Colorful Chile Relleno Recipe
Big on flavor and veggies, but low on calories and super satisfying.
5 Poblano chilies (choose uniformly shaped peppers for stuffing)
1 red bell pepper
1 yellow bell pepper
1 cup green garbanzos (or substitute canned garbanzos)
2 cups butternut squash, peeled and diced ½” 1 onion, peeled and diced 1/4″
2 Tbsp. Olive Oil
1/2 cup plus 2 Tbsp. grated Mexican Manchego or Monterey jack cheese (or any cheese that’s good for melting)
1/2 cup plus 2 Tbsp. grated Cotija (or any salty, dry cheese like Romano, Parmesan, Pecorino)
Sea salt and freshly ground black pepper, to taste
Chipotle salsa (see recipe)
Crispy tortilla strips for garnish (see recipe)
Optional garnish (if calorie count is not too high), 2 Tbsp. plain yogurt (full fat) for drizzling over hot chile before the tortilla strips.
Roast peppers over an open flame or under the broiler until skin is charred black, but the flesh is not cooked soft. Place in a paper bag to cool. When cool enough to handle, rub the charred skin off the peppers and on 4 of the poblanos cut a slit and carefully remove the seeds, ribs and core – leaving the stem intact. Take the remaining poblano and the 2 bell peppers, remove the stems and seeds and cut into 1/2″ dice.
Bring a pot of well salted water to a boil and add the diced butternut squash, when just tender drain and place cooked squash in a single layer on a plate or cookie sheet to cool.
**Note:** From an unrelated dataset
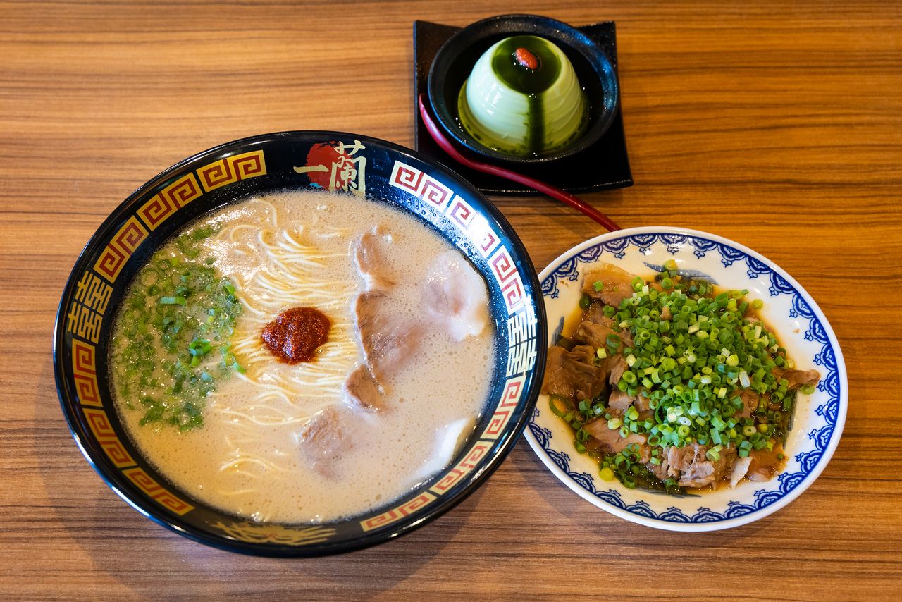 Стандартный натуральный рамэн тонкоцу, популярное блюдо из тушёной свинины со вкусом копчёностей и миндальный пудинг с соусом из зелёного чая на десерт (© Nippon.com)

In a skillet, heat the olive oil over medium heat and add the diced onion with salt and freshly ground black pepper. Cook until slightly golden brown, about 10-12 minutes, then add the garbanzos, squash and diced poblano and bell peppers. Cook together 5 minutes over medium heat stirring and tossing to combine well. Remove from heat and place in a bowl, add 1/2 cup each of the grated cheeses and mix well to combine. Taste and adjust seasoning.
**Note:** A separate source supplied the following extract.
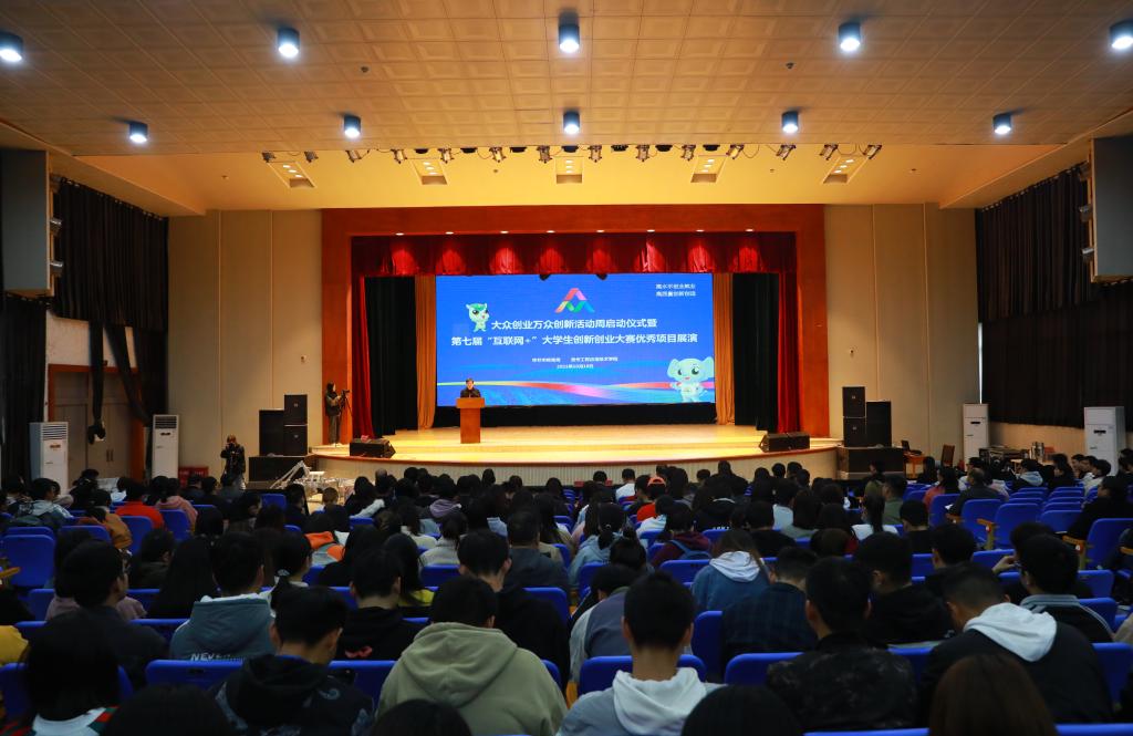 为深入推进我校创新创业教育工作,营造良好的创新创业文化氛围。10月19日下午,我校“大众创业万众创新”活动周启动仪式暨第七届“互联网+”大学生创新创业大赛优秀项目展演活动在学校正心礼堂举行。校党委副书记汤宇华出席,教务处、学生处、团委、创新创业学院负责人、各学院分管双创工作相关负责人、创新创业指导教师及学生代表600余人参加仪式。仪式由教务处负责人主持。

Preheat oven to 350 degrees.
Place the 4 whole poblano chilies in a casserole and divide the stuffing between them. Sprinkle the remaining 1/2 Tbsp. of each cheese over the filling in the pepper’s opening.
Bake at 350 degrees for 20-25 minutes or until the filling is piping hot and the cheeses on top are golden brown.
On each plate, place a 1/4 cup chipotle salsa to one side, then place hot poblano in the center of the salsa, drizzle with the yogurt and top with crispy baked tortilla strips. Serve immediately with watercress jicama salad alongside the relleno.